The reverse migration

So much for the multiculturalist theory of inevitable, unstoppable, one-way migration:

Consider Ireland’s capital, which earned the nickname Dublinski after roughly 180,000 Poles, Czechs and other Eastern Europeans went there in search of work after the European Union expanded in 2004. Now, a stunning rise in the unemployment rate, currently 10.4 percent, is making even the most recent arrivals rethink their plans.

“Since 2000, there has been a resurgence of intra-European migration,” said Rainer Muenz, a migration scholar who is head of research and development at Erste Bank in Vienna. “To a certain extent, that’s clearly unwinding now.”

Between April 2008 and the end of this month, as many as 50,000 workers are likely to have returned home from Ireland, mostly to Eastern Europe, according to Alan Barrett of the Economic and Social Research Institute in Dublin.

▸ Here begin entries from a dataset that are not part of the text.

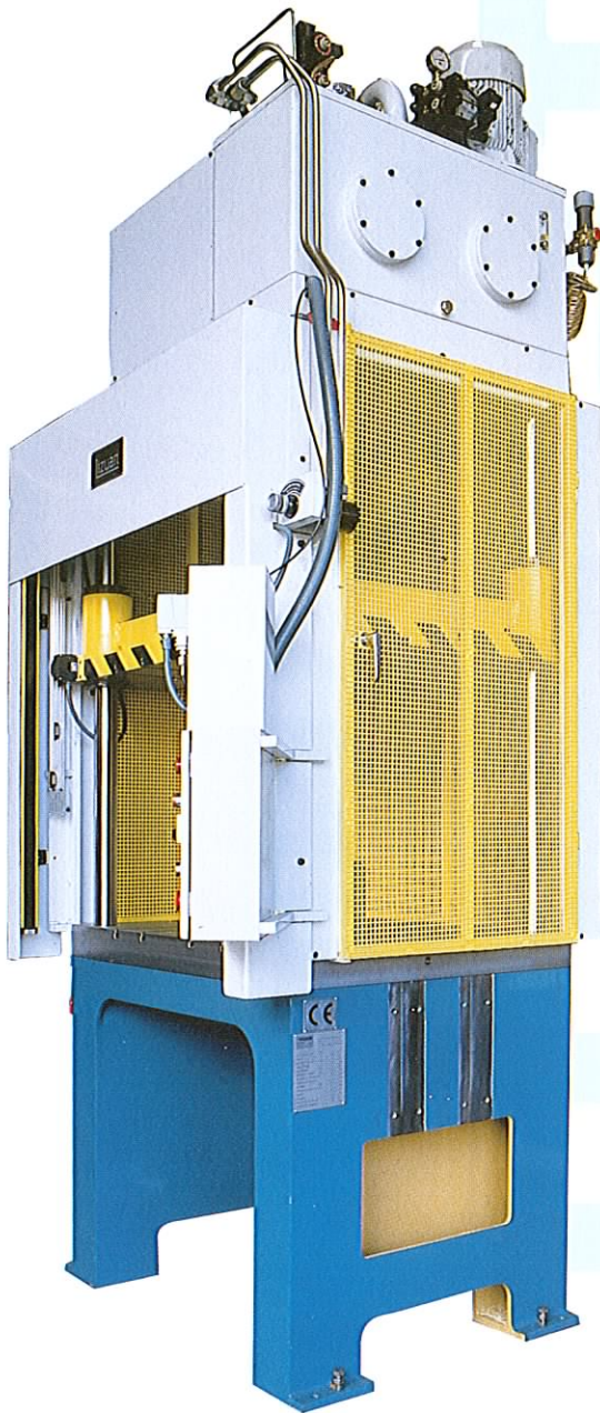
Prensas hidráulicas de cuello de cisne y de cuatro columnas.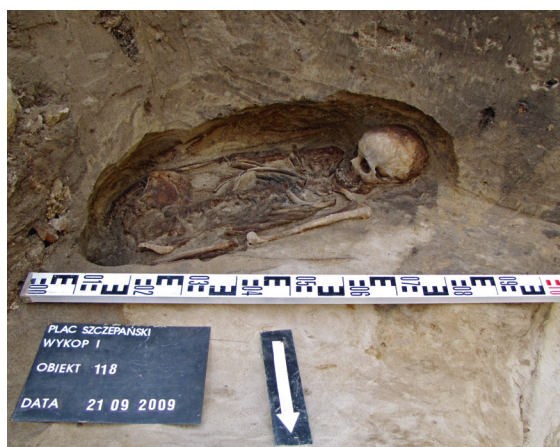
Ryc. 8. Grób nr 6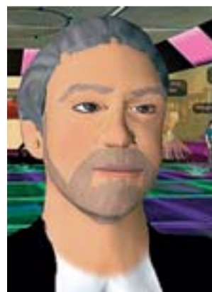
Imagen virtual de Llamazares.

A través de esta realidad virtual, Gaspar Llamazares, como se ha bautizado en Second Life, explicará las iniciativas de IU para las próximas elecciones del 27 de mayo. Todo bajo el epígrafe explícito y electoral de Tengo una respuesta para ti . De esta forma, los internautas con vida en el juego virtual podrán preguntar e interactuar con el líder de los comunistas. M.R.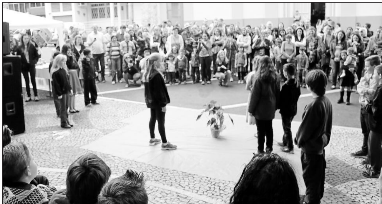
Abertura do evento contou com apresentações artísticas

Além disso, o Educação na Praça foi complementado com vivências pedagógicas pelas escolas, como a EMEF Leo Joas, EMEF José Bonifácio, EMEF Arnaldo J. Diehl, EMEF Cônego Hugo Wolkmer e EMEF Pinheiros. A turma do Sítio do Pica-Pau Amarelo contou histórias para as crianças, que também puderam fazer pinturas. Houve pintura no rosto, violão e gaita, rodas cantadas, tapete das histórias e “Vale um Abraço”. No espaço da Biblioteca Pública Municipal, jogos e livros infantis foram colocados à disposição dos baixinhos, assim como o “Biblioteca ao Seu Lado”, iniciativa pela qual as pessoas podem levar para casa obras dos mais diferentes gêneros literários.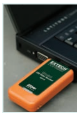
BRD10 - Optional Wireless USB Video Receiver allows user to stream live video to a PC and also can be remotely viewed via VOIP connection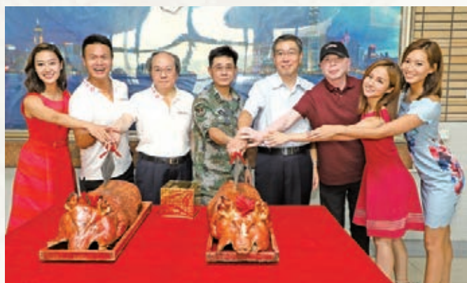
朱鼎健(左二起)、戴德豐、陳亞丁副政委、趙建凱副特派員、馮小剛導演及三位上屆香港小姐，一同主持切燒豬儀式。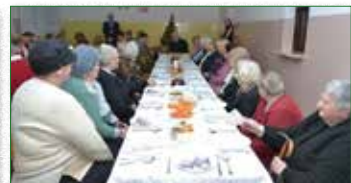
Wigilia dla Samotnych w Szkole w Broku

nosprawnego; rozpoczęcia roku szkolnego; podjęcia przez dziecko nauki w szkole poza miejscem zamieszkania.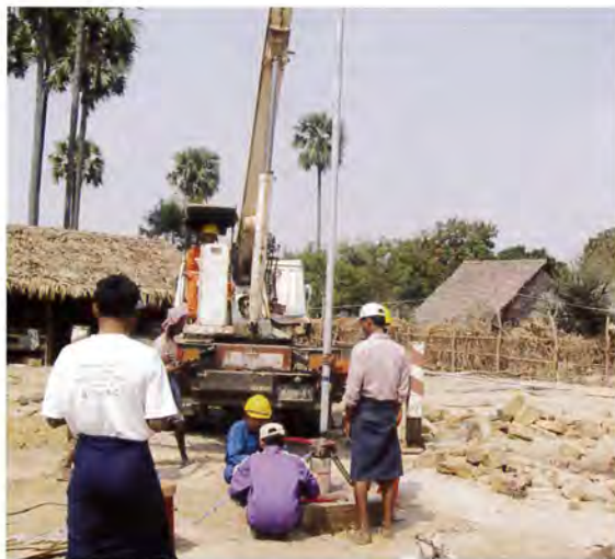
つりあげたパイプを堀削した孔におろしていく

三脚とは、修繕では井戸からロッドを引き上げるために三脚が必要で、彼らは自分たちでその三脚を制作したという経緯があります。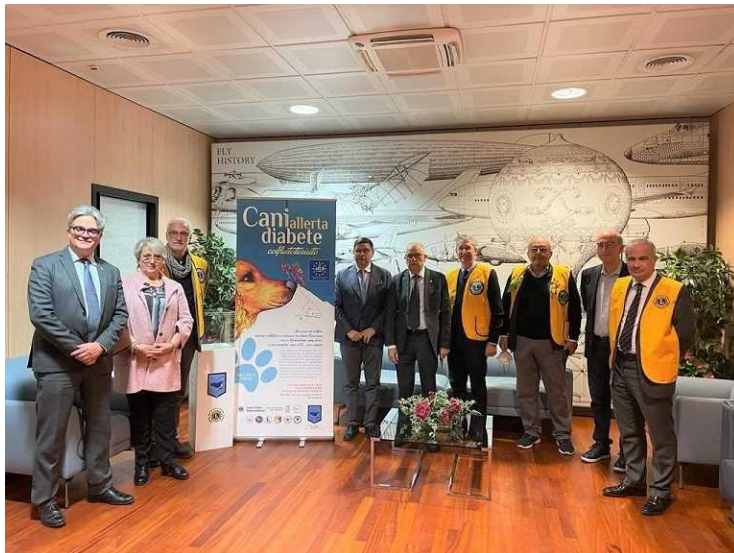
Lions Diabete_Airgest (2)

Con il ricavato dei liberi contributi dei passeggeri sarà donato un cane addestrato a prevenire le crisi glicemiche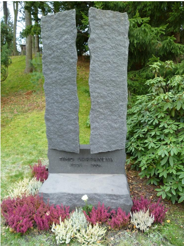
Timo Sarpaneva (numero 43).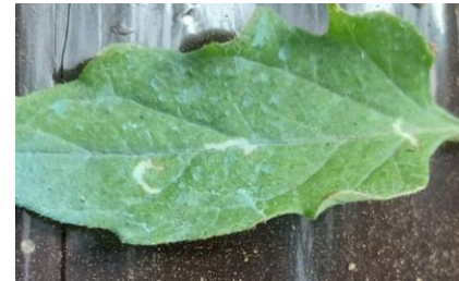
1 ère mines de Tuta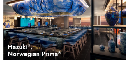
Hasuki®, Norwegian Prima®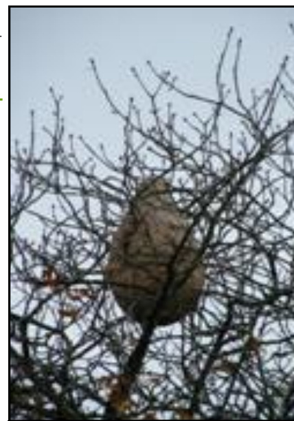
Nid de frelon asiatique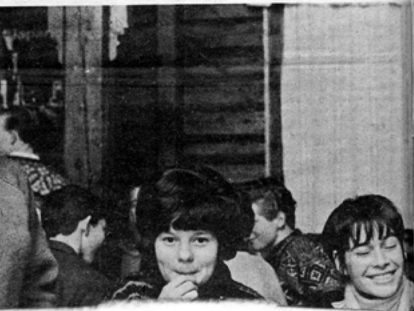
Utdrag ur Kyrkpressen nummer 1 år 1970.

Situationen är i många av- seende förbryllande, säger han. Riksdagen uttalade i samband med ramlagen, att religionsundervis- ningen både utvecklas så att den bättre än hittills skulle motsvara det förändrade samhällets behov. Särskilt borde man läsa utveck- ling vid utbildningen av lärare grundskolans högstadium. Likaså underströk riksdagen, att klass- rare, som på grund av sin överty- gelse inte önskar undervisa i re- ligion, skulle betras. Genom lära- bilda- ning av regionala högstadium. Detta äm- n. Slutligen kan konstateras, att är ett både snidigt och förstärka under- visningen på lägstadiet. Detta blir säkert mycket mer vanligt, sedan Man kan i riksdagens uttalande gälla även för många andra grundskolans högstadium. Slutligen kan konstateras, att är ett både snidigt och förstärka under- visningen på lägstadiet. Detta blir säkert mycket mer vanligt, sedan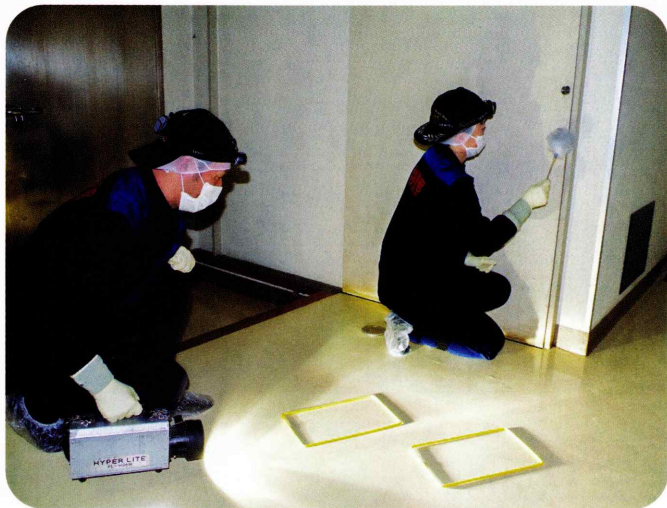
犯罪現場における鑑識活動

鋭敏な嗅覚を有する警察犬は、逃走した犯人の追跡や遺留品の検索、行方不明者の搜索等で活躍しています。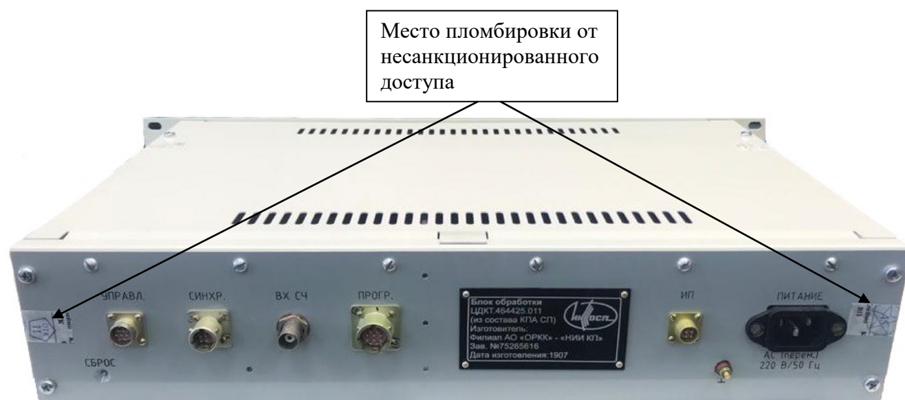
Рисунок 3 – Общий вид задней панели КПА СП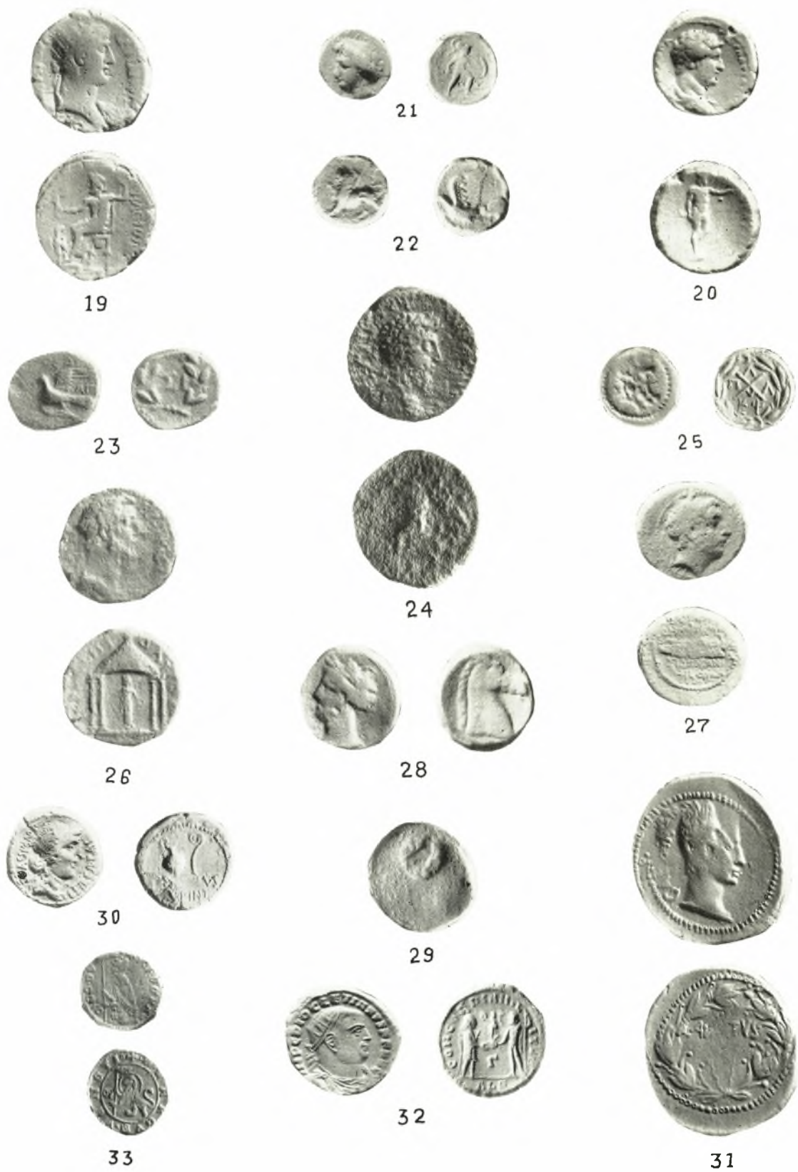
Νομίσματα ἀνασκαφῶν *Ἡλίδος.

Of course, it would be deeply racist for anyone to believe that Mexicans should follow suit and return to Mexico. Poles, Czechs and Romanians may be many things, but it is undeniable that one thing they are not is Mexicans. And since, as has often been asserted by the pro-immigration set, some Mexicans are good for the economy and the nation, it is obvious that more Mexicans would be even better. And therefore, it logically follows that the optimal situation rests upon the maximum number of Mexicans migrating to the United States as soon as possible.

I, for one, am convinced and I will not be satisfied until every last Mexican is happily ensconced within the borders of the United States and the entire nation of Mexico is an empty, windswept land inhabited solely by vultures and gila monsters. Una nación azteca! Sí, se puede!